• WHAT IS REQUIRED
When you reply, transcribe every line of the data below exactly.

• MATERIAL PROVIDED
--------------------

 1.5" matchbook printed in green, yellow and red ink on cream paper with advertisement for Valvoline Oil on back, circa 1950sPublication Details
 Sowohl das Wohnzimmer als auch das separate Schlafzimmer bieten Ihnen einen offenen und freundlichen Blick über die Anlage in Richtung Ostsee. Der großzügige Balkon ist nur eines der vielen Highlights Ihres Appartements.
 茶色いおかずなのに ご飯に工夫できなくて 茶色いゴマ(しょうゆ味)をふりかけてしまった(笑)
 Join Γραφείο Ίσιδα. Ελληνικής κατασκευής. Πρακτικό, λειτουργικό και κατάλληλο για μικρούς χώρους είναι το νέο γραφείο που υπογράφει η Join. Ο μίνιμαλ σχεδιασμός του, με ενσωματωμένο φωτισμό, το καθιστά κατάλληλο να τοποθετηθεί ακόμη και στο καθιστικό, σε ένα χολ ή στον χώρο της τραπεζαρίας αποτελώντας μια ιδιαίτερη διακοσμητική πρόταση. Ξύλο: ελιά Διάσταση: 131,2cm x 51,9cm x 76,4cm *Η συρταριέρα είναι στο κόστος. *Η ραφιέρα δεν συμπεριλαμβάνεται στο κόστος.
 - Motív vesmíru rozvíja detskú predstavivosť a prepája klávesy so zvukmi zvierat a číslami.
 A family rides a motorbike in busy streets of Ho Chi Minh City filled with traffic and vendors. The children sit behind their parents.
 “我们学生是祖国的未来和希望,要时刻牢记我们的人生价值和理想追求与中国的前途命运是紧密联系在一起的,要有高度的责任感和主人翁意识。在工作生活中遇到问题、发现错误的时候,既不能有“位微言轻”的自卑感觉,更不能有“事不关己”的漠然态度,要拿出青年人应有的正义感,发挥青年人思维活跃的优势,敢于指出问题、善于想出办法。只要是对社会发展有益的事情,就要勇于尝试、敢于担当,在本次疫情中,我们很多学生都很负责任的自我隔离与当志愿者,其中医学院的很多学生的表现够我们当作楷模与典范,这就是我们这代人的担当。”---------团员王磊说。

--------------------

• WORKED SOLUTION
 1.5" matchbook printed in green, yellow and red ink on cream paper with advertisement for Valvoline Oil on back, circa 1950sPublication Details
 Sowohl das Wohnzimmer als auch das separate Schlafzimmer bieten Ihnen einen offenen und freundlichen Blick über die Anlage in Richtung Ostsee. Der großzügige Balkon ist nur eines der vielen Highlights Ihres Appartements.
 茶色いおかずなのに ご飯に工夫できなくて 茶色いゴマ(しょうゆ味)をふりかけてしまった(笑)
 Join Γραφείο Ίσιδα. Ελληνικής κατασκευής. Πρακτικό, λειτουργικό και κατάλληλο για μικρούς χώρους είναι το νέο γραφείο που υπογράφει η Join. Ο μίνιμαλ σχεδιασμός του, με ενσωματωμένο φωτισμό, το καθιστά κατάλληλο να τοποθετηθεί ακόμη και στο καθιστικό, σε ένα χολ ή στον χώρο της τραπεζαρίας αποτελώντας μια ιδιαίτερη διακοσμητική πρόταση. Ξύλο: ελιά Διάσταση: 131,2cm x 51,9cm x 76,4cm *Η συρταριέρα είναι στο κόστος. *Η ραφιέρα δεν συμπεριλαμβάνεται στο κόστος.
 - Motív vesmíru rozvíja detskú predstavivosť a prepája klávesy so zvukmi zvierat a číslami.
 A family rides a motorbike in busy streets of Ho Chi Minh City filled with traffic and vendors. The children sit behind their parents.
 “我们学生是祖国的未来和希望,要时刻牢记我们的人生价值和理想追求与中国的前途命运是紧密联系在一起的,要有高度的责任感和主人翁意识。在工作生活中遇到问题、发现错误的时候,既不能有“位微言轻”的自卑感觉,更不能有“事不关己”的漠然态度,要拿出青年人应有的正义感,发挥青年人思维活跃的优势,敢于指出问题、善于想出办法。只要是对社会发展有益的事情,就要勇于尝试、敢于担当,在本次疫情中,我们很多学生都很负责任的自我隔离与当志愿者,其中医学院的很多学生的表现够我们当作楷模与典范,这就是我们这代人的担当。”---------团员王磊说。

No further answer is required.